Hi, I m using universal login for my SPA application, if the user logs in once and forgets to logout the next time he opens a tab and hits on the application url he gets directly logged in without even clicking on login button. i m calling the authorize endpoint when application loads so it will take the user to universal login but if user forgets to log out, the next time he is directly logged in.Can anyone tell me why this is happening.
Hi,
If the user simply closes a tab but the browser process remains running (for example, if other tabs are still open) non-persistent cookies for that tab are usually not cleared. Non-persistent cookies are typically not cleared until the browser process is terminated. So if the browser process remains running and the user opens a new tab at the application URL, all the previously-set cookies are still there.
However, assuming that the user does close the browser without logging out, the default behaviour of Auth0 is to automatically log them back in. This is because the Auth0 session cookies are persistent. They don’t get cleared when the browser process is terminated.
You can set the maximum duration of the Auth0 signin session via tenant settings but it’s an imperfect solution. Set it too low and the signin session can expire while the user is using your application (causing further authorization requests - for example, obtaining access tokens - to require re-authentication).

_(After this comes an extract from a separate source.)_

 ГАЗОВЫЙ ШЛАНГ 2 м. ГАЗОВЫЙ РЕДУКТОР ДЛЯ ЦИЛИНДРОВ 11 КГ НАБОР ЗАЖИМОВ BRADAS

Set it too long and the user will remain signed in.
Auth0’s rationale for the service behaving this way is that most users want to stay signed in. However, there’s no option to disable this behaviour either at the tenant level or under the control of the user (for example, by offering a “keep me signed in” checkbox).

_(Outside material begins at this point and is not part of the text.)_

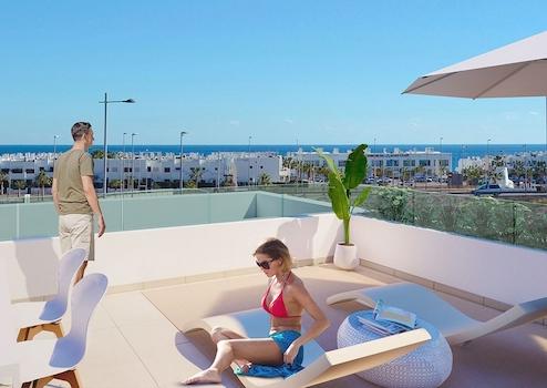 Die Wohnanlage überzeugt durch ihre strandnahe Lage: Vor der Wohnanlage befinden sich die Strände La Entrevista und Los Nardos. Ganz in der Nähe liegen die Strände von San Juan de los Terreros, Mar Serena, Mar Rabiosa, Calipso, La Higuerica, La Carolina sowie die Buchten Tía Antonia, Cala Cuartel und Cala Cocedores.

One workaround is to specify prompt=login
with your authorization request. This will force the login prompt to be redisplayed. However, the original user’s session cookie is, in fact, still there. prompt=login
just tells Auth0 to ignore it for this authorization request. If a malicious user with access to the machine re-issues the authorization request without that parameter, the original user will still be automatically logged in. It’s not ideal.
If you really can’t live with this behaviour and you have a reverse proxy between your users and Auth0 (for example, if you are using a custom domain for your tenant) you may be able to rewrite the Auth0 Set-Cookie headers to make the session cookie non-persistent. However, this is very definitely not supported by Auth0 and any changes at their end could easily break it.